Bourla also noted Wednesday in a call with analysts that the virus that triggered a global pandemic in 2020 is no longer “top of mind,” and that there’s some COVID-19 fatigue and anti-vaccine rhetoric in the market.

Chief Financial Officer David Denton also called the virus unpredictable and said it was hard to model its performance. Even so, he said Pfizer expects both the market-leading treatment and vaccine to remain significant products.

“They meet a very large and high unmet need of the patient population around the globe,” he said.

The company said that it expects full-year revenue in 2024 of between $58.5 billion and $61.5 billion, short of the $62.7 billion that Wall Street was expecting, according to a survey of industry analysts by FactSet.

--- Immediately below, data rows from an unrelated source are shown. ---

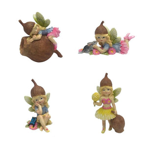 New to our Flower Garden Fairy Collection the Gumnut Fairies are particularly at home in our Australian bushland. All the Flower Garden Fairies are beautifully detailed and painstakingly handpainted. A beautiful addition to your fairy garden or miniature scene.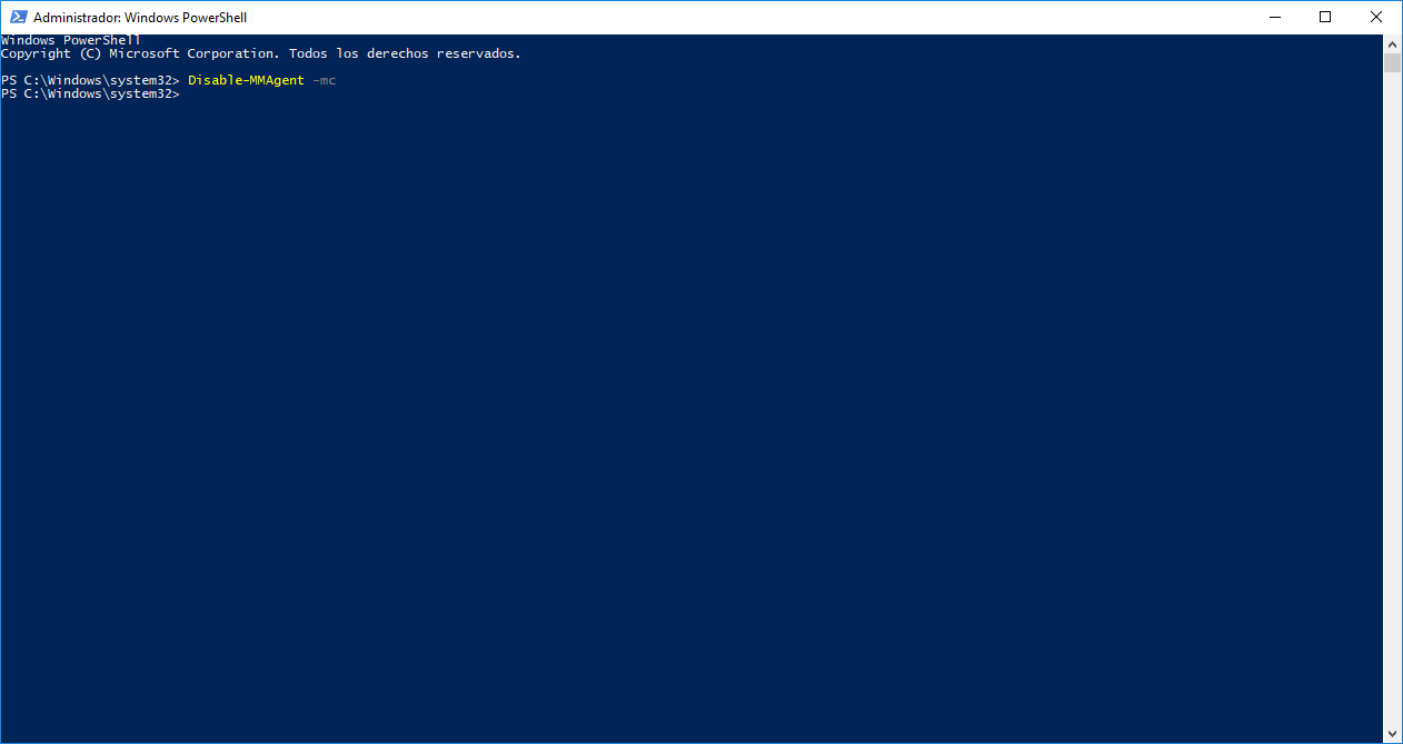 Si deseamos habilitarlo de nuevo repetiremos el mismo proceso y seleccionaremos la opción Habilitar. Como método alternativo podemos habilitar o no la compresión de memoria desde Windows PowerShell, para esto accedemos como administradores y ejecutaremos lo siguiente: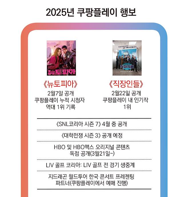2월초 공개한 《뉴토피아》는 쿠팡플레이 시리즈 누적 시청자 역대 1위(론칭 후 10일 기준)를 기록했다. 아마존 프라임 비디오에서도 공개된 이 작품은 전 세계 TV 시리즈에서 5위를 차지하는 등 좋은 성적을 내고 있다. 쿠팡플레이는 2월22일 공개한 오피스 코미디 《직장인들》에 이어 《SNL코리아 시즌 7》 《대학전쟁 시즌 3》 등을 연내 공개한다는 계획이다. 콘텐츠 경쟁력 강화를 위해 워너브러더스 디스커버리와 파트너십을 맺고, 3월21일부터 《왕좌의 게임》 《하우스 오브 드래곤》 등 HBO·HBO맥스 작품도 선보이기 시작했다.

The New York drugmaker expects to post per-share earnings of between $2.05 and $2.25 next year. Wall Street was projecting earnings of around $3.17 per share.

Pfizer also said that it was expanding its cost-cutting program by $500 million. Company leaders noted that recently acquired cancer treatment developer Seagen will start contributing revenue in the new year.

The company said it had no plans to cut its quarterly dividend which now totals 41 cents per share.

Shares of Pfizer Inc. slid more than 8% to $26.12 in late-morning trading while broader indexes climbed.

The stock had already already shed more than 44% of its value so far this year.